Über Antrag der Klägerin erließ das Erstgericht gegen die Beklagte einen Wechselzahlungsauftrag über S 624.782,-- s.A., hielt ihn in der Folge trotz der Einwendung, die Beklagte habe den zugrundliegenden Wechsel vom 27. September 1982 nicht unterfertigt, dieser sei vielmehr verfälscht, aufrecht und gab dem auf Zahlung der Wechselsumme gerichteten Klagebegehren statt.

Nach vom Berufungsgericht ausgesprochenen Urteilsaufhebungen und Rückverweisungen der Rechtssache an das Erstgericht kam dieses im zweiten und dritten Rechtsgang auf der Grundlage der eingeholten Sachverständigengutachten und der weiteren Beweisergebnisse jeweils zur Ansicht, daß die Beklagte den Wechsel unterfertigt habe und entschied wiederum im Sinne der Klage.
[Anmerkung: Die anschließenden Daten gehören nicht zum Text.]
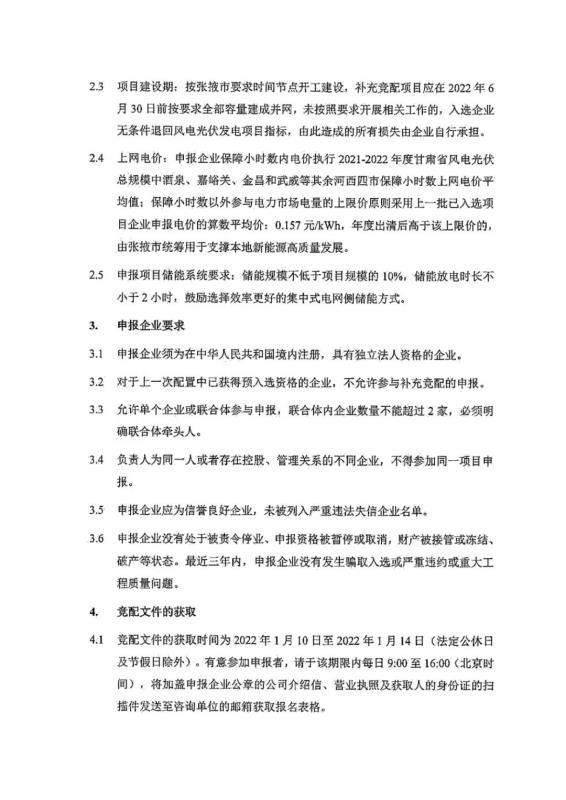 根據(jù)公告,項(xiàng)目建設(shè)期為按張掖市要求時(shí)間節(jié)點(diǎn)開(kāi)工建設(shè),補(bǔ)充競(jìng)配項(xiàng)目應(yīng)在2022年6月30日前按要求全部容量建成并網(wǎng),未按照要求開(kāi)展相關(guān)工作的,入選企業(yè)無(wú)條件退回風(fēng)電光伏發(fā)電項(xiàng)目指標(biāo),由此造成的所有損失由企業(yè)自行承擔(dān)。

Mit dem angefochtenen Urteil änderte das Berufungsgericht die erstgerichtliche Entscheidung des dritten Rechtsganges dahin ab, daß der vom Erstgericht erlassene Wechselzahlungsauftrag aufgehoben und das Klagebegehren abgewiesen werde. Das Berufungsgericht nahm eine Beweiswiederholung durch Verlesung der erstgerichtlichen Beweisergebnisse gemäß § 281 a ZPO sowie eine teilweise unmittelbare Beweiswiederholung durch Vernehmung der Streitteile als Parteien vor und kam zu dem von den erstgerichtlichen Feststellungen abweichenden Ergebnis, daß die Echtheit der Unterschrift der Beklagten auf der Wechselurkunde nicht gesichert sei und daher nicht als erwiesen unterstellt werden könne. In dem von der Beklagten beigebrachten Privatgutachten des Wolfgang K*** werde ausgeführt, die Echtheit der Unterschrift sei nicht nachweisbar, es bestehe eine große Wahrscheinlichkeit des Vorliegens einer nach Einübung freihändigen Nachahmung, wobei der Gutachter allerdings eine schlechte Qualität der ihm zur Verfügung gestellten Unterlagen zugegeben habe. Die vom Erstgericht bestellten beiden Sachverständigen Gottlieb O*** und Dr. Wolfgang C*** hätten die Echtheit der Unterschrift der Beklagten auch nicht mit einer für die Beweisführung erforderlichen Sicherheit zu bestätigen vermocht. Nach dem Gutachten des Sachverständigen O*** sei eine für die Echtheit der Unterschrift sprechende "gesteigerte Wahrscheinlichkeit" von "etwa 60 % oder mehr" anzunehmen, nach Dr. C*** sei die Unterschrift auf dem Wechsel "wahrscheinlich" (Wahrscheinlichkeitsgrad 60 bis 70 %) von der Beklagten geleistet worden. Somit seien die Ergebnisse des graphologischen Sachbefundes aber nicht geeignet, den der Klägerin obliegenden Beweis der Echtheit der Annehmerunterschrift auf der Wechselurkunde zu erbringen. Im weiteren befaßte sich das Berufungsgericht mit den übrigen Beweisergebnissen, insbesondere den Angaben der Klägerin in ihrer Parteienvernehmung, und hielt deren volle Glaubwürdigkeit aus den im einzelnen dargelegten Gründen nicht für gegeben. Mangels Beweises der Echtheit der Unterschrift der Beklagten auf der Wechselurkunde fehle es somit an der dem Klagebegehren zugrundegelegten Wechselverbindlichkeit. Gegen die Entscheidung des Berufungsgerichtes erhebt die Klägerin eine auf die Revisionsgründe des § 503 Abs 1 Z 2 und 4 ZPO gestützte Revision mit dem Antrage auf Abänderung im Sinne der Wiederherstellung des erstgerichtlichen Urteiles; hilfsweise wird ein Aufhebungsantrag gestellt.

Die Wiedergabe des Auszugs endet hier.